ESA’s Solar Orbiter revealed how the Sun launches two distinct streams of high-energy electrons, solving a key mystery and advancing space weather protection. Credit: ESA & NASA/Solar Orbiter/STIX & EPD
Mission and instruments: How Solar Orbiter made the link
Solar Orbiter operates nearer to the Sun than most previous missions and carries a carefully integrated suite of remote-sensing and in situ instruments. Between November 2020 and December 2022 the spacecraft recorded more than 300 energetic-electron events, combining direct particle measurements with simultaneous imaging and spectroscopic views of the solar atmosphere.
Solar Orbiter observed more than 300 bursts of ‘Solar Energetic Electrons’ between November 2020 and December 2022. For the first time, we clearly see the connection between the energetic electrons in space and their sources on the Sun. The energetic electrons are launched by two distinct sources: solar flares (blue dots) and coronal mass ejections (red dots). Solar flares release quick bursts of energetic electrons, whereas coronal mass ejections release broader swells of energetic electrons more gradually. Credit: ESA & NASA/Solar Orbiter/STIX & EPD
The dataset used in the study relied on eight of Solar Orbiter’s ten science instruments. Key contributions included:
- Energetic Particle Detector (EPD): in situ measurement of electron fluxes and energies as Solar Orbiter flew through the streams.
- Spectrometer/Telescope for Imaging X-rays (STIX): captured X-ray emissions produced when energetic electrons impact the solar atmosphere.
- Extreme Ultraviolet Imager (EUI) and Metis coronagraph: provided context on the solar origin—solar flares, jets and coronal mass ejections (CMEs).

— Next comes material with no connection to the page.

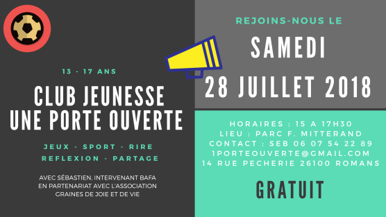 Les activités reprennent tranquillement à la Porte Ouverte, avec deux nouveaux clubs jeunesse, prévus les 1er et 15 septembre, pour les 13-17 ans. Ils ont lieu pour l’instant au parc François Mitterrand, mais par la suite des activités pourront être proposées plus loin : Parc Aventure, via ferrata… en fonction des possibilités.

By pairing in situ particle detection with remote observations of the Sun, scientists could determine both when and where electrons were accelerated and how they escaped into interplanetary space. As lead author Alexander Warmuth (Leibniz Institute for Astrophysics Potsdam) notes, “By going so close to our star, we could measure the particles in a ‘pristine’ early state and thus accurately determine the time and place they started at the Sun.”
Two distinct electron populations identified
The central result is a clear separation between two types of Solar Energetic Electron events:
- Impulsive events linked to solar flares: These produce short, intense bursts of high-energy electrons that escape rapidly along magnetic field lines. Flares occur in smaller, highly active regions of the solar surface and often drive narrow jets and localized X-ray emission.
- Gradual events associated with coronal mass ejections (CMEs): CMEs are immense expulsions of plasma and magnetic field from the Sun’s corona. They can accelerate and inject electrons more slowly and over a broader range of longitudes, producing prolonged swells of energetic particles.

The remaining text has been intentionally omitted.